━━━ Data

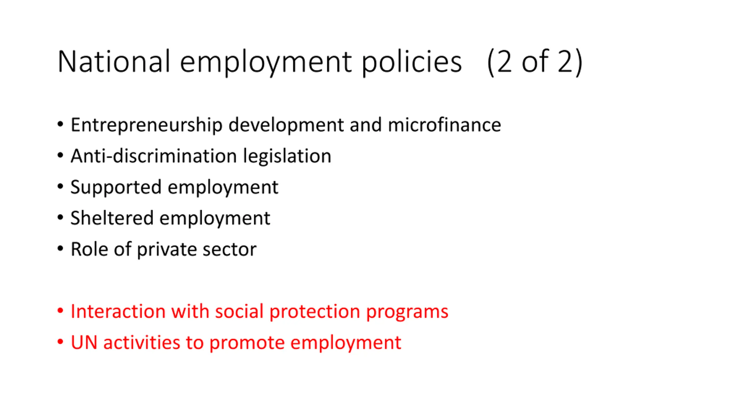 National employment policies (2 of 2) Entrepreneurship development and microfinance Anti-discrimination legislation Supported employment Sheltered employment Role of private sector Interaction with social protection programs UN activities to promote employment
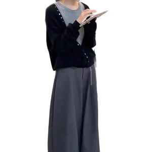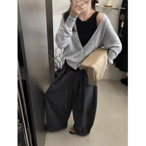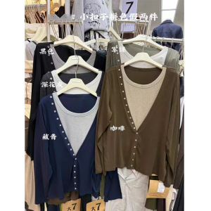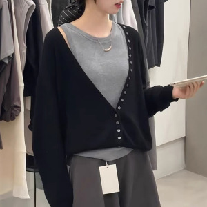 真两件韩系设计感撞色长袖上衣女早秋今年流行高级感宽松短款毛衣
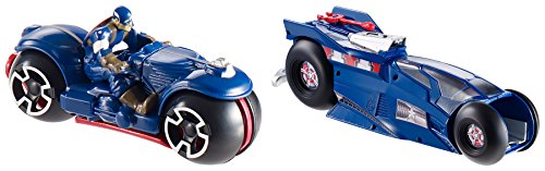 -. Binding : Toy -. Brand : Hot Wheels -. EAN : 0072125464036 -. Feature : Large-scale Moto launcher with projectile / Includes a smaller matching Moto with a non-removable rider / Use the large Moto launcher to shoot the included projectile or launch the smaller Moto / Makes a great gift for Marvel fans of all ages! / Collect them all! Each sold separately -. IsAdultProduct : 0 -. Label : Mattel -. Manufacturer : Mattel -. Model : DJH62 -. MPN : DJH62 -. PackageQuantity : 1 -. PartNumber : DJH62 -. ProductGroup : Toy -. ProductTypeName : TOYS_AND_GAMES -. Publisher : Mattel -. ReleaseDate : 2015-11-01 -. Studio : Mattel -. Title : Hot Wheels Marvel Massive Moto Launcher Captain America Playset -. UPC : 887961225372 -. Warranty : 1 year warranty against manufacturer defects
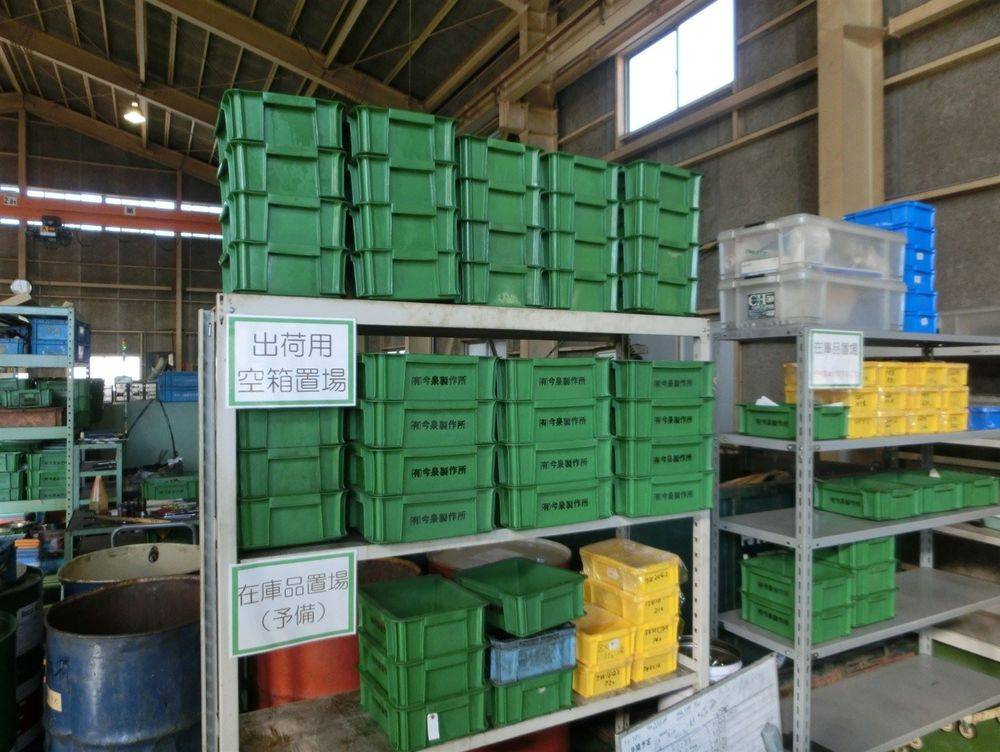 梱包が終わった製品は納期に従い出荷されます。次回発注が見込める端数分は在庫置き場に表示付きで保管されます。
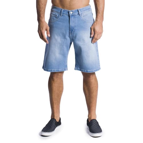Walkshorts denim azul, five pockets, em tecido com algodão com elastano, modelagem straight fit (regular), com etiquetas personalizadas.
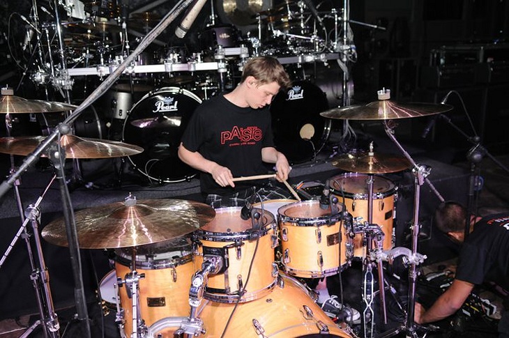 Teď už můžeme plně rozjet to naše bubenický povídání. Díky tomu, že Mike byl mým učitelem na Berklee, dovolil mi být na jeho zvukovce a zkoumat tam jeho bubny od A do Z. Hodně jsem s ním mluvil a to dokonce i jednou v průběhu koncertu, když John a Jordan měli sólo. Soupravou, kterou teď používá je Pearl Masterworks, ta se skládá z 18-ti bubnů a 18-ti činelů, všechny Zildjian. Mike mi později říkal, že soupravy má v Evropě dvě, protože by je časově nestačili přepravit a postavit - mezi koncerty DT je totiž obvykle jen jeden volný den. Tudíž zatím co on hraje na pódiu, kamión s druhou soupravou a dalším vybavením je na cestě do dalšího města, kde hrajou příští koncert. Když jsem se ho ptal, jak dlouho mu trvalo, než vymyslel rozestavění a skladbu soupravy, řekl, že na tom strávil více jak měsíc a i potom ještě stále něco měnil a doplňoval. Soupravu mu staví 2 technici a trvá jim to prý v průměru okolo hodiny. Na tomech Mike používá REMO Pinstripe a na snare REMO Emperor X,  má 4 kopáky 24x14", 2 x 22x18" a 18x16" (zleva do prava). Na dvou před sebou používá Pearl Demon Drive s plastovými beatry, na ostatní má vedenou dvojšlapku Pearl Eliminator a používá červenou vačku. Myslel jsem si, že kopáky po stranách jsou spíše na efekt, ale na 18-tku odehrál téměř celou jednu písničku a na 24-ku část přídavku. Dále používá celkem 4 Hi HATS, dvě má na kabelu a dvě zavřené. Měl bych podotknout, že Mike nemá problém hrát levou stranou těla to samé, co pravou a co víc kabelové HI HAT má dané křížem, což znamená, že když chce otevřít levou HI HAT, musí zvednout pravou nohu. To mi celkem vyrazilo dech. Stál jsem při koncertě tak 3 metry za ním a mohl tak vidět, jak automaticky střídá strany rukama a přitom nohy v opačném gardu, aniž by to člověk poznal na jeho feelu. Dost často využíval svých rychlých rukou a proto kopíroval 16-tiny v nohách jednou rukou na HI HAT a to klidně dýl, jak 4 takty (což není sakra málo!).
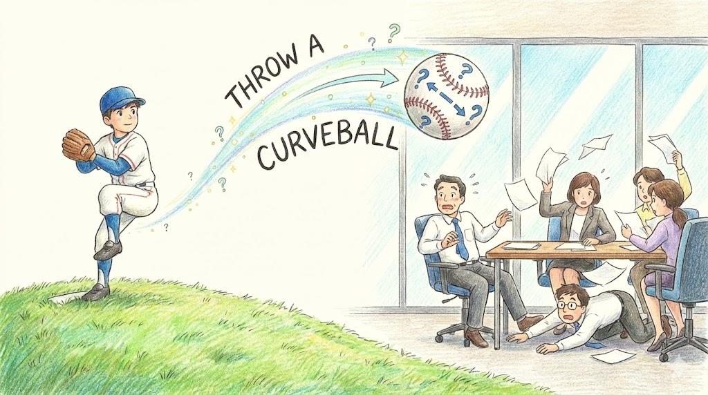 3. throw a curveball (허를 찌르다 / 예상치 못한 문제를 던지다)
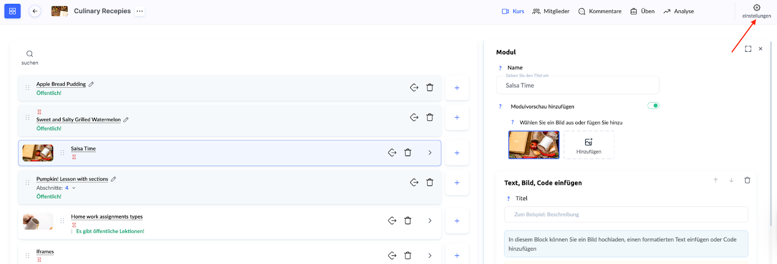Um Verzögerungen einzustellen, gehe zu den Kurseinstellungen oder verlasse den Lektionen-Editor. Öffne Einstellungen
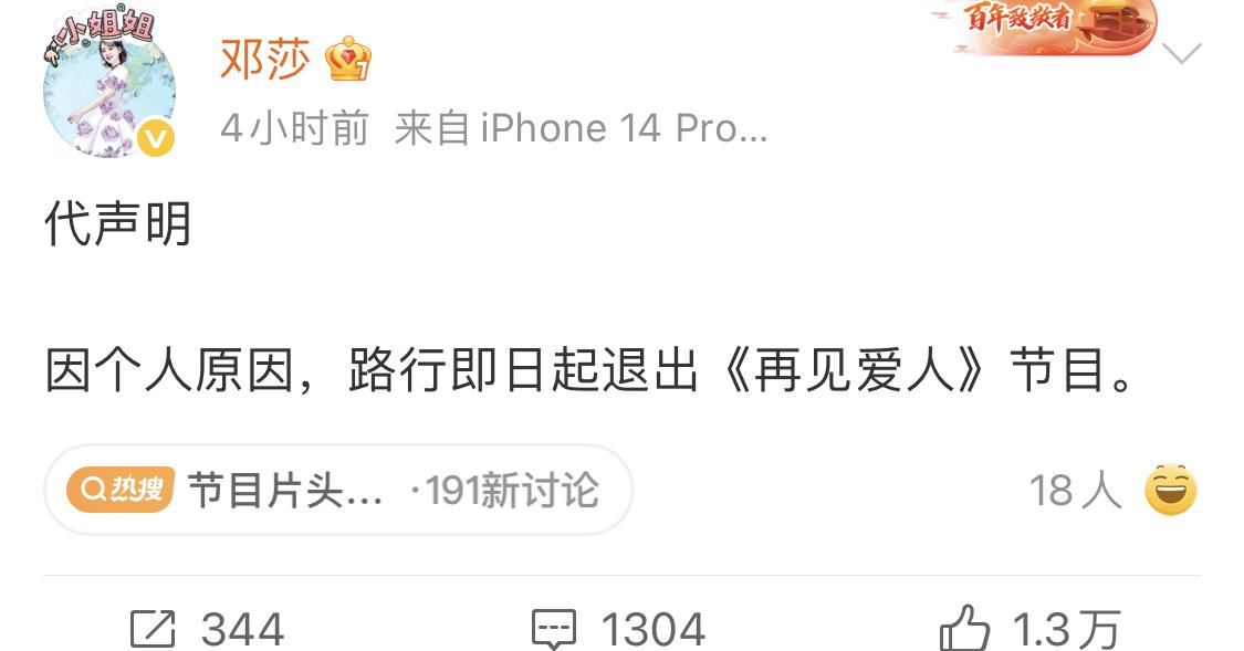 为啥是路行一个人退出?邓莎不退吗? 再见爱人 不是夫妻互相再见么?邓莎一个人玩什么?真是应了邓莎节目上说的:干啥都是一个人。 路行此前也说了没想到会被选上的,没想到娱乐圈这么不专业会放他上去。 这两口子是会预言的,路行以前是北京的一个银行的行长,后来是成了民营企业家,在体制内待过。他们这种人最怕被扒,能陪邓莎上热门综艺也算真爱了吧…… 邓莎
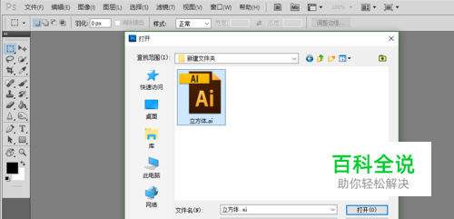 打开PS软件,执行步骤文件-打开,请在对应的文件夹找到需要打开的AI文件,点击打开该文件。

━━━━━━

*What you are asked to do*.
Pictures must not appear in the copy, and every record must be restated word for word.

*Answer to the exercise*.
 National employment policies (2 of 2) Entrepreneurship development and microfinance Anti-discrimination legislation Supported employment Sheltered employment Role of private sector Interaction with social protection programs UN activities to promote employment
 真两件韩系设计感撞色长袖上衣女早秋今年流行高级感宽松短款毛衣
 -. Binding : Toy -. Brand : Hot Wheels -. EAN : 0072125464036 -. Feature : Large-scale Moto launcher with projectile / Includes a smaller matching Moto with a non-removable rider / Use the large Moto launcher to shoot the included projectile or launch the smaller Moto / Makes a great gift for Marvel fans of all ages! / Collect them all! Each sold separately -. IsAdultProduct : 0 -. Label : Mattel -. Manufacturer : Mattel -. Model : DJH62 -. MPN : DJH62 -. PackageQuantity : 1 -. PartNumber : DJH62 -. ProductGroup : Toy -. ProductTypeName : TOYS_AND_GAMES -. Publisher : Mattel -. ReleaseDate : 2015-11-01 -. Studio : Mattel -. Title : Hot Wheels Marvel Massive Moto Launcher Captain America Playset -. UPC : 887961225372 -. Warranty : 1 year warranty against manufacturer defects
 梱包が終わった製品は納期に従い出荷されます。次回発注が見込める端数分は在庫置き場に表示付きで保管されます。
Walkshorts denim azul, five pockets, em tecido com algodão com elastano, modelagem straight fit (regular), com etiquetas personalizadas.
 Teď už můžeme plně rozjet to naše bubenický povídání. Díky tomu, že Mike byl mým učitelem na Berklee, dovolil mi být na jeho zvukovce a zkoumat tam jeho bubny od A do Z. Hodně jsem s ním mluvil a to dokonce i jednou v průběhu koncertu, když John a Jordan měli sólo. Soupravou, kterou teď používá je Pearl Masterworks, ta se skládá z 18-ti bubnů a 18-ti činelů, všechny Zildjian. Mike mi později říkal, že soupravy má v Evropě dvě, protože by je časově nestačili přepravit a postavit - mezi koncerty DT je totiž obvykle jen jeden volný den. Tudíž zatím co on hraje na pódiu, kamión s druhou soupravou a dalším vybavením je na cestě do dalšího města, kde hrajou příští koncert. Když jsem se ho ptal, jak dlouho mu trvalo, než vymyslel rozestavění a skladbu soupravy, řekl, že na tom strávil více jak měsíc a i potom ještě stále něco měnil a doplňoval. Soupravu mu staví 2 technici a trvá jim to prý v průměru okolo hodiny. Na tomech Mike používá REMO Pinstripe a na snare REMO Emperor X,  má 4 kopáky 24x14", 2 x 22x18" a 18x16" (zleva do prava). Na dvou před sebou používá Pearl Demon Drive s plastovými beatry, na ostatní má vedenou dvojšlapku Pearl Eliminator a používá červenou vačku. Myslel jsem si, že kopáky po stranách jsou spíše na efekt, ale na 18-tku odehrál téměř celou jednu písničku a na 24-ku část přídavku. Dále používá celkem 4 Hi HATS, dvě má na kabelu a dvě zavřené. Měl bych podotknout, že Mike nemá problém hrát levou stranou těla to samé, co pravou a co víc kabelové HI HAT má dané křížem, což znamená, že když chce otevřít levou HI HAT, musí zvednout pravou nohu. To mi celkem vyrazilo dech. Stál jsem při koncertě tak 3 metry za ním a mohl tak vidět, jak automaticky střídá strany rukama a přitom nohy v opačném gardu, aniž by to člověk poznal na jeho feelu. Dost často využíval svých rychlých rukou a proto kopíroval 16-tiny v nohách jednou rukou na HI HAT a to klidně dýl, jak 4 takty (což není sakra málo!).
 3. throw a curveball (허를 찌르다 / 예상치 못한 문제를 던지다)
Um Verzögerungen einzustellen, gehe zu den Kurseinstellungen oder verlasse den Lektionen-Editor. Öffne Einstellungen
 为啥是路行一个人退出?邓莎不退吗? 再见爱人 不是夫妻互相再见么?邓莎一个人玩什么?真是应了邓莎节目上说的:干啥都是一个人。 路行此前也说了没想到会被选上的,没想到娱乐圈这么不专业会放他上去。 这两口子是会预言的,路行以前是北京的一个银行的行长,后来是成了民营企业家,在体制内待过。他们这种人最怕被扒,能陪邓莎上热门综艺也算真爱了吧…… 邓莎
 打开PS软件,执行步骤文件-打开,请在对应的文件夹找到需要打开的AI文件,点击打开该文件。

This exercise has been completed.